First things first, you’ll need to get yourself educated. Your friend will be put off pretty quickly if you don’t know what you’re talking about, so get started by gathering a bit of information about the drug first. This can be done by some basic exploring on the NCPIC website, our factsheets are really easy to understand so this would be a great place to start. You can also either download or order our Concerned about someone's cannabis use? Fast facts on how to help booklet. Once you have a little knowledge under your belt, then you can clarify exactly what worries you about your friend’s cannabis use and why.

This step is also really handy because more-often-than-not, people who have developed a not so socially acceptable habit start on the back foot, always ready to defend and justify. Weed smokers are known for adamantly defending their drug of choice, and will come at you with comparisons to other drugs, history of medical use, or even that driving is safer because stoned drivers go slower. Be prepared for this, avoid the sticky subjects and have the facts in mind – just don’t get caught up in a useless debate!

If you think your friend is addicted to weed express your concern

Opening up about something like this can be really tricky, but it’s not impossible. Showing you are genuinely concerned can be quite powerful, so let your friend know how you are feeling and why. If you feel uncomfortable talking about it, let them know! Admitting you feel nervous or worried might help your friend understand where you are coming from, and can even help reduce the tension in the situation – why not throw in a bit of a joke to break the ice and reduce some of that weird awkwardness? They might react in a defensive or resistant way at first, that’s ok – this is a tough topic to talk about for you, and a tough topic to listen to for them. Stick with it even if it takes a while, or more than one attempt, you are not wrong to express your concern.

Choose your language carefully

This conversation could easily end up in a debate about the pros and cons of cannabis use, missing the point entirely. Instead of getting caught up in a war of opinions, its best to keep your tone neutral. Stay away from listing the broader harms associated with cannabis, even if you think they are addicted to weed, and stick to how you see it directly affecting the person you care about. Maybe you think they have become withdrawn socially or their motivation has been a bit off lately.
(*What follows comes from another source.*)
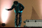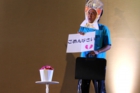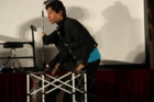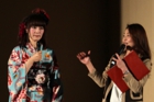 サンキュー手塚さん登場はロボットから。自己紹介、縣陵時代のエピソードなど語りも楽しく、あっという間にサンキュー手塚ペースにはまります。23年間やり続けているという十八番(オハコ)、ホイットニーヒューストンの名曲 I Will Always Love Youに乗せての「梅干し」芸、在校生も引っ張り出してのパフォーマンスに、会場が揺れるほどの大爆笑。おかしくてカメラが手ぶれしてうまく撮影できないほどでした。とぼけた中にもあたたかみのある新作も披露され、世界をうならせる技、芸のすごさに感銘を受けました。

Mentioning the specific changes you have noticed will have a lot more impact than giving a lecture on all the harmful aspects of smoking too much pot.

Before starting, think about your mate and not only what you love about them, but what they pride themselves on. Are they the ‘fun guy’, ‘the killer athlete’, ‘the nurturer’? Let them know that since they started using they are less ‘that guy’ they thought they were and that’s what’s got you worried – ‘Mate, you’re not around when we do the fun stuff anymore and it’s not as fun without you, is something going on you need a hand with?’

Tone is really important

Even if your friend does become agitated or annoyed with you, remaining calm will prevent the situation escalating into a bigger argument. Making sure you use caring, non-judgmental words and body language is key part of ensuring your friend doesn’t feel attacked or as if you disapprove of them.

It’s also crucial that your friend feels listened to, whether you agree with what they are saying or not. So if they want to talk about the reasons why they use and the benefits they believe cannabis has for them then really listen, you don’t need to provide a detailed argument against. This shouldn’t be a debate, but a time for you both to share your concerns and understand where the other person is coming from.

Whether you feel like your friend has taken on board your concerns after the conversation or not, it’s ok. You’ll have taken a really bold and positive step to help them and show that you care. The true and lasting impact of the conversation might not be obvious yet, but even if it just means your mate is thinking about the issue from another perspective then it will have been a job well done.